第124節 不穏なる小悪魔たち、謎の邂逅

 リファリウスは今度、”アリヴァール・メタル”を用いて武具を作っていた。 だが、やっているのは単なる鍛冶ではなく、武具の改修である。
「はい、花鳥風月。”アリヴァール・メタル”でちょうどいい具合に補修しておいたよ。 残り半分が見つかったらまた改めて何とかしてあげるね。」
 リファリウスはそう言いながらカスミに扇”花鳥風月”を手渡した。
「嬉しい。あのままだとちょっとかわいそうだった、いい感じにしてくれて扇も喜んでる」
 カスミは嬉しそうに受け取った。するとイツキが言った。
「それって鉄扇ですか?」
 カスミは頷くとリファリウスが言った。
「しかもいわゆる仕掛けナイフの類だね。 折りたたんだ状態だと小刀としての用途がある。

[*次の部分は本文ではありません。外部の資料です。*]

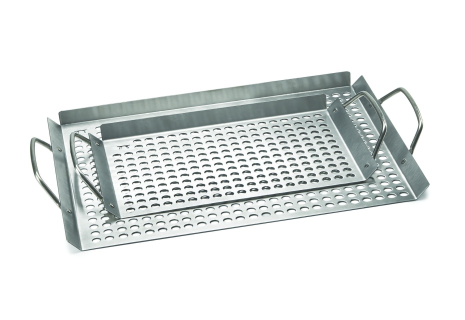 Perfekt för att grilla fisk, kött och grönsaker och mindre bitar av råvaror.Maten ramlar inte ner bland kolen men får en läcker grill- och röksmak ändå.Grillfaten har endast tre styck upphöjda kanter för enkel användning av stekspade etc.Två stycken grillfat i olika storlekar.Mått: inkl handtag 35×18 cm resp 44×28 cm

」
 へえ、そうなのか――イツキはそう思いつつ、カスミから手渡された扇を手に取って確かめていた。
「なるほど、これがそうか――」
 するとイツキはおもむろに――
「こんな感じです?」
 と、扇を巧みに操り、足を小さく滑らせつつ華麗に舞っていた。 それに対してリファリウスとカスミが少し興奮していた。
「えっ、今の!?」
「こっ、これは――」

 リファリウスはリリアリス、そしてアリエーラとカスミは話をしていた。 そしてその目の前には――
「なっ、なんだかちょっと照れますね――」
 1人の女性が照れていた、ディアナである。 ディアナとは――この際だからもういいだろう、女性の中でもかなりの長身の美女である。 長身リリアリスよりもさらに背が高いことでも知られている。 彼女は涼やかなドレス姿で清楚にふるまい、上品なお姉様を演出していた。
「背が高くてスタイル抜群だから、何を着ても様になるね!」
 リファリウスは楽しそうに評価しているとディアナは照れていた。
 さらに――
「うふふっ♪ こういうのっていいですよねー♪ 楽しみー♪」
 彼女はルルーナである。 彼女は可愛らしいワンピース姿できっちりとキメていた。 こちらはリリアリスとアリエーラを足して2で割ったような印象の美女で、身長は2人よりも若干低い。 だが、リリアリスと同じく今世紀最大の残念な美女としての顔を併せ持つヤバイ女として有名である。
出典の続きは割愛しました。